In computer engineering, instruction pipelining is a technique for implementing instruction-level parallelism within a single processor. Pipelining attempts to keep every part of the processor busy with some instruction by dividing incoming instructions into a series of sequential steps (the eponymous "pipeline") performed by different processor units with different parts of instructions processed in parallel.

==Concept and motivation==
In a pipelined computer, instructions travel through the central processing unit (CPU) in stages. For example, it might have one stage for each step of the von Neumann cycle: Fetch the instruction, fetch the operands, do the instruction, write the results. A pipelined computer usually has "pipeline registers" after each stage. These store information from the instruction and calculations so that the logic gates of the next stage can do the next step.

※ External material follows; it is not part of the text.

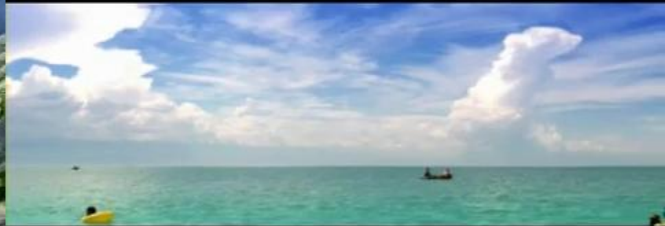
Alakol Lake East Kazakhstan

This arrangement lets the CPU complete an instruction on each clock cycle. It is common for even-numbered stages to operate on one edge of the square-wave clock, while odd-numbered stages operate on the other edge. This allows more CPU throughput than a multicycle computer at a given clock rate, but may increase latency due to the added overhead of the pipelining process itself. Also, even though the electronic logic has a fixed maximum speed, a pipelined computer can be made faster or slower by varying the number of stages in the pipeline. With more stages, each stage does less work, and so the stage has fewer delays from the logic gates and could run at a higher clock rate.

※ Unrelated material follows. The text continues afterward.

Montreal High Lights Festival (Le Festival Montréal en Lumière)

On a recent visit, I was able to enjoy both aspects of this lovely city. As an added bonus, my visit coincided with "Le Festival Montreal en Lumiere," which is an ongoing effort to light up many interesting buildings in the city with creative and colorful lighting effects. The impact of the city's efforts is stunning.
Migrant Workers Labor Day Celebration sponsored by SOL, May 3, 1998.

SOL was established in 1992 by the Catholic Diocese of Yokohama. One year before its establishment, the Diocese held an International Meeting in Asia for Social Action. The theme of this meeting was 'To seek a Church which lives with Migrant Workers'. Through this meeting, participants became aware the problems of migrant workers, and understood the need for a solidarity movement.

A pipelined model of computer is often the most economical, when cost is measured as logic gates per instruction per second. At each instant, an instruction is in only one pipeline stage, and on average, a pipeline stage is less costly than a multicycle computer. Also, when made well, most of the pipelined computer's logic is in use most of the time. In contrast, out of order computers usually have large amounts of idle logic at any given instant. Similar calculations usually show that a pipelined computer uses less energy per instruction.

However, a pipelined computer is usually more complex and more costly than a comparable multicycle computer. It typically has more logic gates, registers and a more complex control unit. In a like way, it might use more total energy, while using less energy per instruction. Out of order CPUs can usually do more instructions per second because they can do several instructions at once.

In a pipelined computer, the control unit arranges for the flow to start, continue, and stop as a program commands. The instruction data is usually passed in pipeline registers from one stage to the next, with a somewhat separated piece of control logic for each stage. The control unit also assures that the instruction in each stage does not harm the operation of instructions in other stages. For example, if two stages must use the same piece of data, the control logic assures that the uses are done in the correct sequence.

When operating efficiently, a pipelined computer will have an instruction in each stage. It is then working on all of those instructions at the same time. It can finish about one instruction for each cycle of its clock. But when a program switches to a different sequence of instructions, the pipeline sometimes must discard the data in process and restart. This is called a "stall."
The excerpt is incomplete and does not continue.